Updated Food and Drug Administration guidance released Thursday offers a combination of clarity and wait-and-see to an industry that’s been waiting years to see the document, representatives from supplement industry trade groups say.
Industry and trade groups were still studying the details in the 100-plus page “Draft Guidance for Industry: Dietary Supplements: New Dietary Ingredient Notifications and Related Issues,” but key features appear obvious.
Council for Responsible Nutrition President Steve Mister said the guidance was “worth the wait” and called it an indication that the FDA “is now seriously trying to engage with dietary supplement companies and that the agency intends to regulate the supplement industry the way DSHEA meant it should be regulated.” He was particularly encouraged by clarification that finished product manufacturers would be able to rely on NDI approvals received by ingredient suppliers without submitting new documentation, and that the “master file” would protect those ingredient suppliers from companies putting out “knock-offs” of branded ingredients. “If you are going to China trying to find a low-cost product from a company that says it is offering the same ingredient, you’re not going to be able to that,” he said.
That, Mister said, rewards responsible companies on both sides, but especially the companies driving innovation. “Branded ingredient manufacturers that are really doing good safety testing are going to be the big winners here,” Mister said.
The provision that presents more challenges for the industry relates to compounds presented as synthetic version of botanicals, Mister said, explaining that CRN had “pushed back hard” on that during talks with regulators. He said the inclusion of FDA’s objections was “a little bit of a disappointment, because we thought we had made some strong arguments there.” There are perfectly legitimate synthetic analogs, Mister said, but “for every safe ingredient that I can show you, they are going to show you DMAA or DMBA or a DMPEA that claimed it was from a botanical.”
American Herbal Products Association President Michael McGuffin was also troubled by the language on synthetics. McGuffin said the guidance presents troubling ambiguities. If an ingredient is found in the food supply, it’s permitted, McGuffin points out, offering synthetic caffeine in energy drinks as an example. “Essentially, it sets up a workaround, and do we really want to be in the business of having to identify and engage in workarounds?”
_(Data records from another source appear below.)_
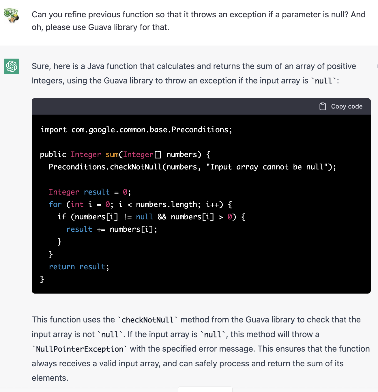 Clarify and add new constraints: If the output is too broad or misses a specific detail, introduce a new instruction (e.g., “Please ensure the code handles negative inputs gracefully.”)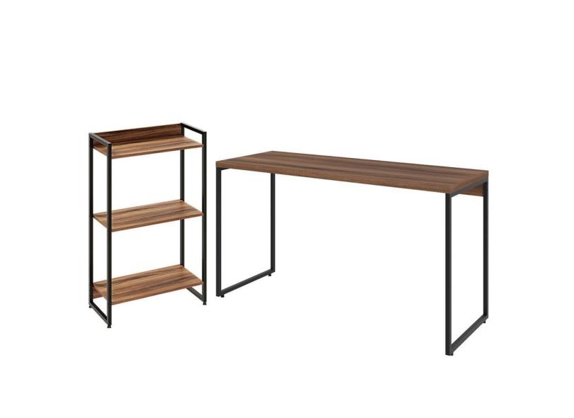 Kit Escritório Estante 3 Prateleiras Com Mesa 135Cm Nogal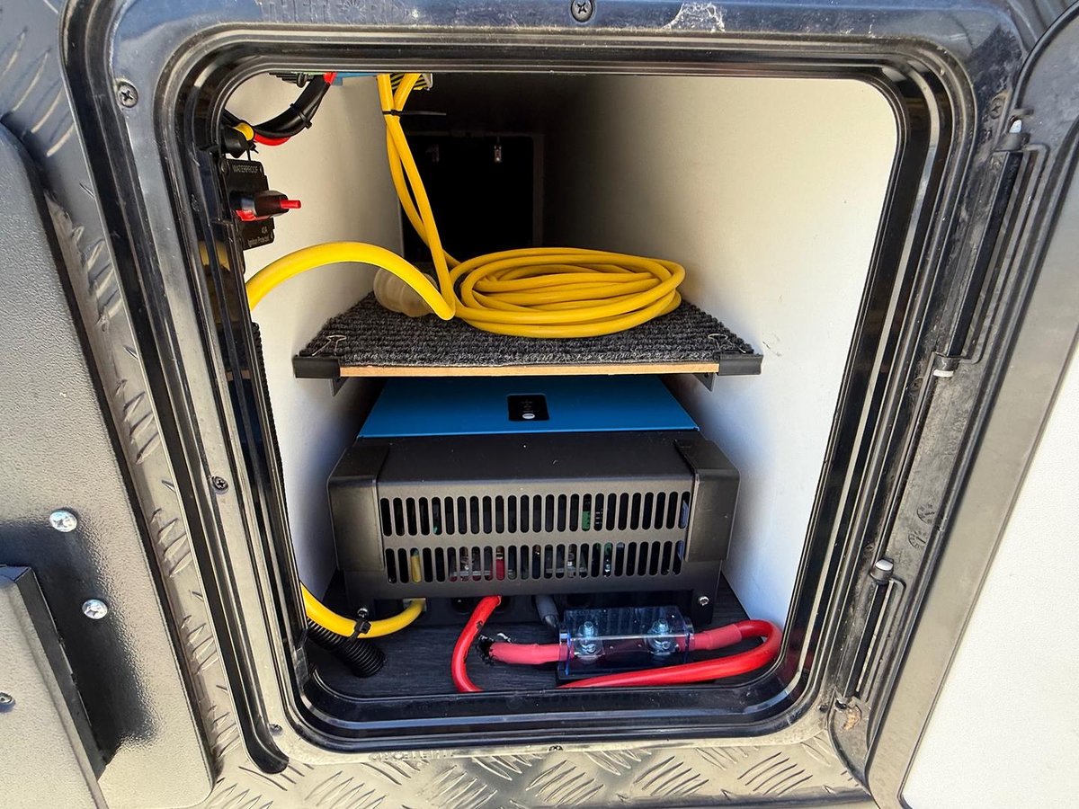 3 x solar panels, 2 x 90 amp Lithium batteries.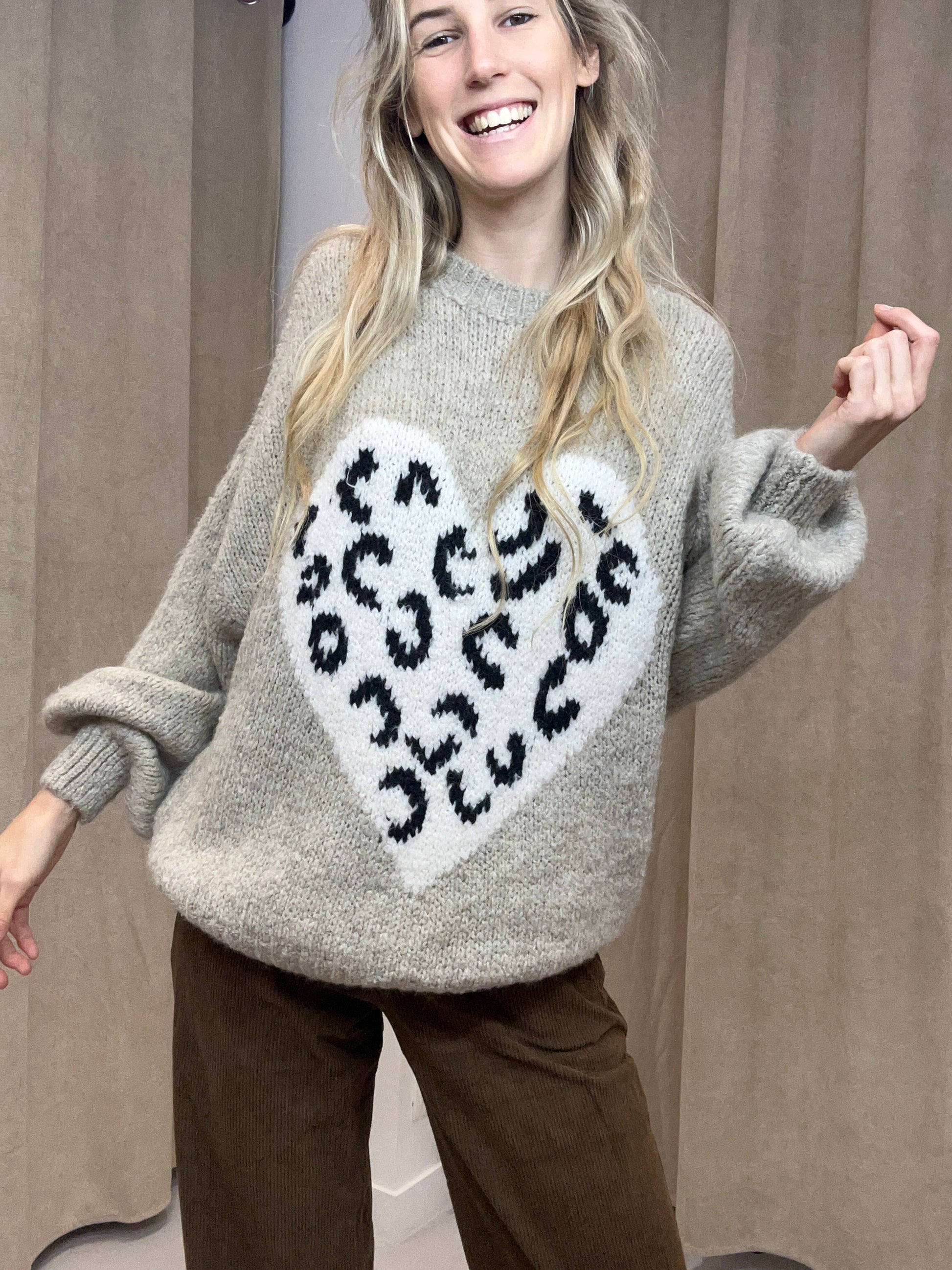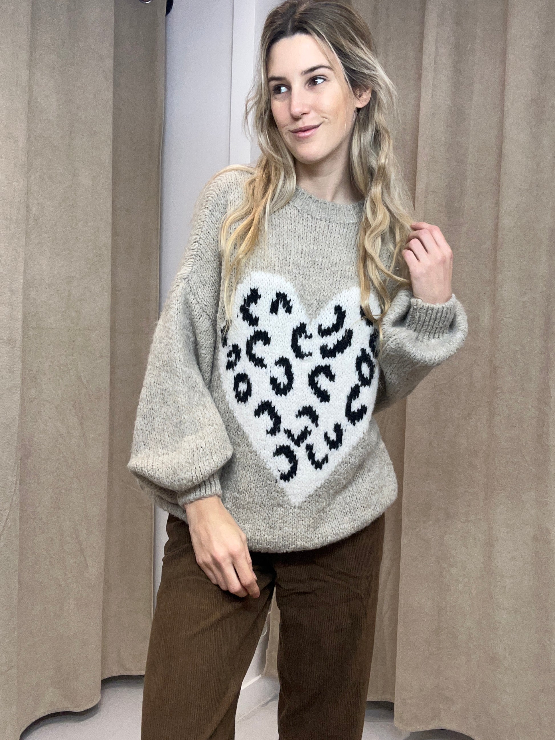 Het truitje heeft een lange mouw en heeft een mooi hartje in luipaard motief als detail op de stof. Het is gemaakt uit een wollen stof en heeft een ronde hals. Zalig om te dragen. Wij combineerden het truitje met ‘BROEK LIZZY BRUIN’.

“It doesn’t clean it up,” McGuffin said of the provisions. “It leaves a place where our critics are going to say ‘You’re using a loophole.’”
McGuffin said he was more troubled by language in the guidance’s “Goals” section. The document includes the words “recent concern about the presence of undeclared active ingredients in products marketed as dietary supplements” as justification for the guidance. That, McGuffins says, is unnecessarily inflammatory and refers to companies and ingredients that aren’t really a part of the supplement industry. “The criminals that sell these products, they are not going to say ‘Oh oh no, they are really going to make us submit notification.’ It will have no effect whatsoever. It’s exciting, but it’s kind of grandstanding.”
Outside of companies that were not likely to be compliant, “it nether helps nor hurts any particular company,” McGuffin said. “I think that the small companies aren’t introducing new dietary ingredients. They’re making herbal tinctures,” McGuffin said. The big companies “already know how to do it,” he added.
Mister is more hopeful about the impact. Companies will have a clearer idea of whether or not an NDI is required. “I think it’s a really nice tool that the industry can use,” Mister said. Mister puts the new guidance, along with the newly formed Office of Dietary Supplements, as evidence that the FDA intends to commit to more deliberate enforcement.
For McGuffin, that enforcement and the nature of it will be key to whether the industry sees benefits in the new guidance. Companies are not going to use the NDI guidance if they don’t see advantages, he contended. “The only thing that would lead to an increase in the number of submissions would be a shift in the success rate,” McGuffin said. And if more companies see those successful NDI notifications, they are going to need to see the FDA enforcing against the companies attempting to piggy back on the innovation. “Is FDA going to fine against a company that’s selling a knock-off ingredient? We need that even playing field.”
In the end, the guidance only makes sense if it makes sense financially, he said. “They’ve got to see there is a bottom line return on their investments.”